* _Task objective_
Write out, word for word, the part of the listing below that opens with the line containing "Unique Source of Water Supply" and closes with the line containing "A pull being", keeping both of those lines and adding no others.

* _Excerpted data_
■ ■ ■ ■ ■ ■ ■

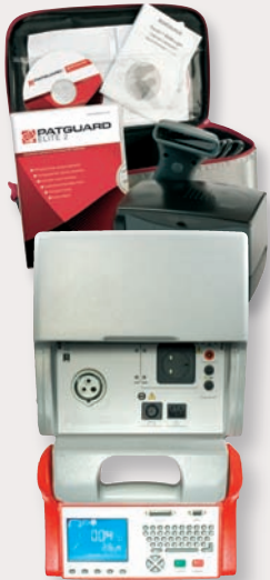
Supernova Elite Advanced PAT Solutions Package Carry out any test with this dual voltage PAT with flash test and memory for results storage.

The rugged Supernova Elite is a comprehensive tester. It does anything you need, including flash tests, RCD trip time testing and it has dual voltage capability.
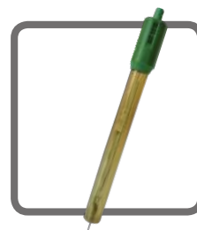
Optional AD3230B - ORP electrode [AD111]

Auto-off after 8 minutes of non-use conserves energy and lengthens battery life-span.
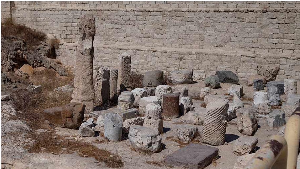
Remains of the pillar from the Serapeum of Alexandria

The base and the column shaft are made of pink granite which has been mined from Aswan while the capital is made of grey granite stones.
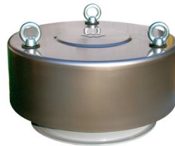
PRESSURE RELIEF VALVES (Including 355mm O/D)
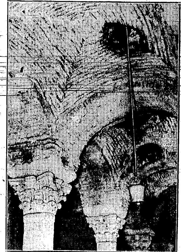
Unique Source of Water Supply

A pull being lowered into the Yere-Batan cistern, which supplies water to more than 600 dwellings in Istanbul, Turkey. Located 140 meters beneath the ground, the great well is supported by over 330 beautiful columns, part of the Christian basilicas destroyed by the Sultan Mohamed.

■ ■ ■ ■ ■ ■ ■

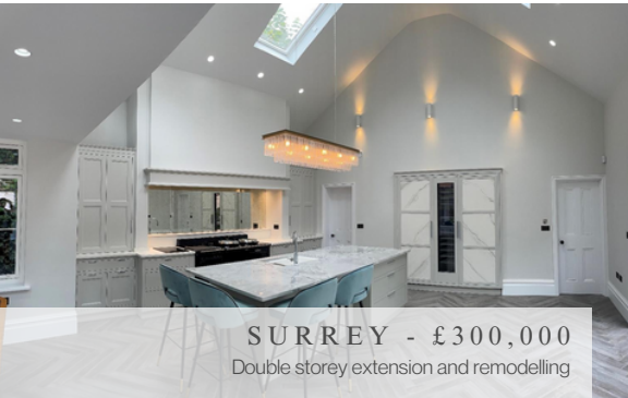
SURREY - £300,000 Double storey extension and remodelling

■ ■ ■ ■ ■ ■ ■

* _Written reply_
Unique Source of Water Supply

A pull being lowered into the Yere-Batan cistern, which supplies water to more than 600 dwellings in Istanbul, Turkey. Located 140 meters beneath the ground, the great well is supported by over 330 beautiful columns, part of the Christian basilicas destroyed by the Sultan Mohamed.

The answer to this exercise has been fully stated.